At this point we know some handy formulas for simple cases but, more importantly, have a good idea of how to do power and other types of calculations when all we have access to are instantaneous samples of some cyclical value.
The main lesson is therefore that, unless we already know the exact frequency of our signal and can perform our sampling over a single period, then it’s better to ensure we do so over at least a few cycles in order to minimize the error in our discretized integration.

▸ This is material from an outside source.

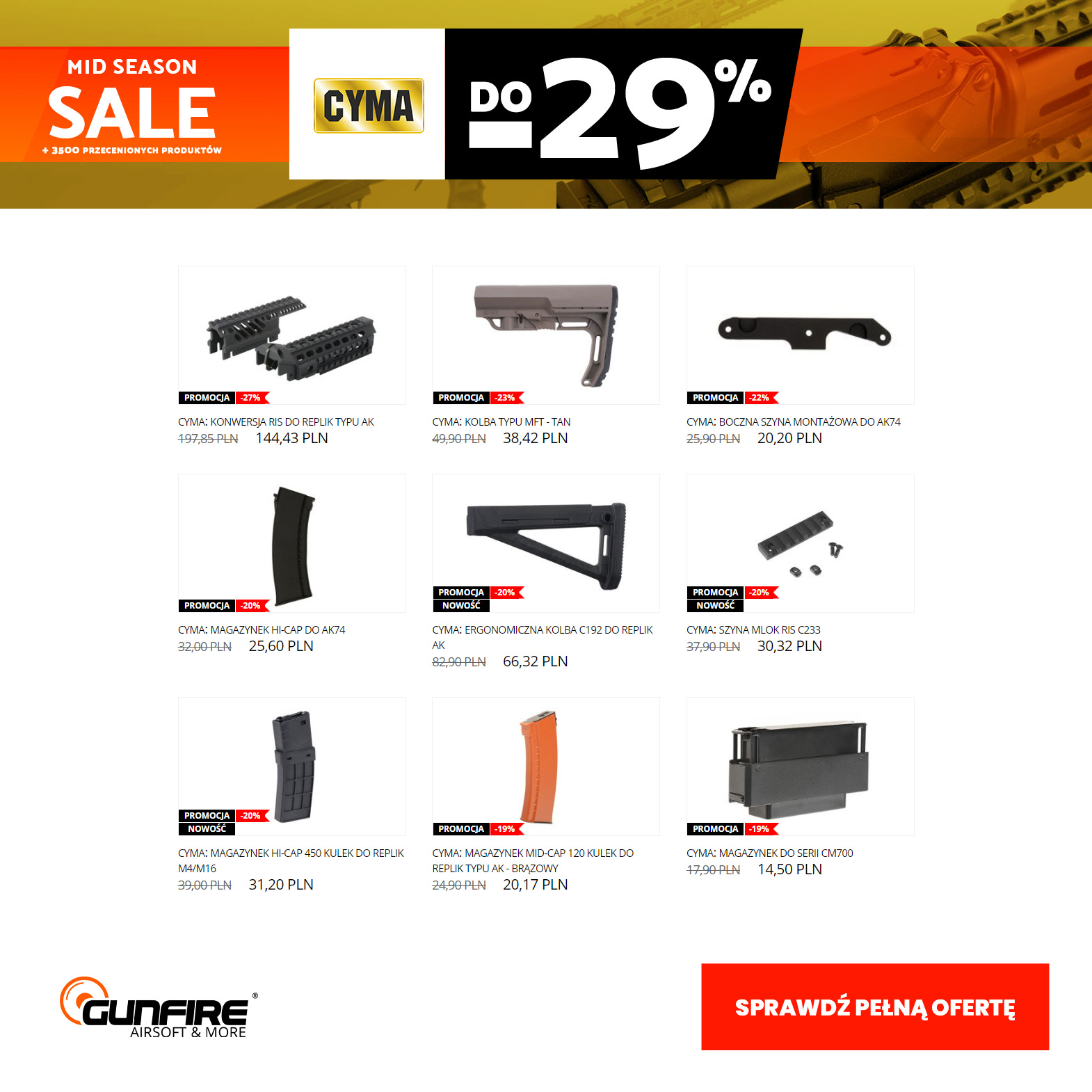 Sezonowa Wyprzedaż w Gunfire! CYMA, G&G, Specna Arms.Ponad 3500 produktów do -70%.

Of course, if the frequency and/or amplitude of your signal is varying with time, then sampling over too many periods will lead to another kind of error, so the trick is to find the right balance between reducing the influence of the dangling (extra) samples and only sampling during a total period where the repeating pattern will be roughly constant.
Hopefully, I’ve been able to provide a deeper understanding of how you can deal with these sorts of cases and of where all the formulas you’ll encounter in this domain come from. The approaches described should help with any calculation involving reducing some complex cyclical waveform to a usable and realistic average value.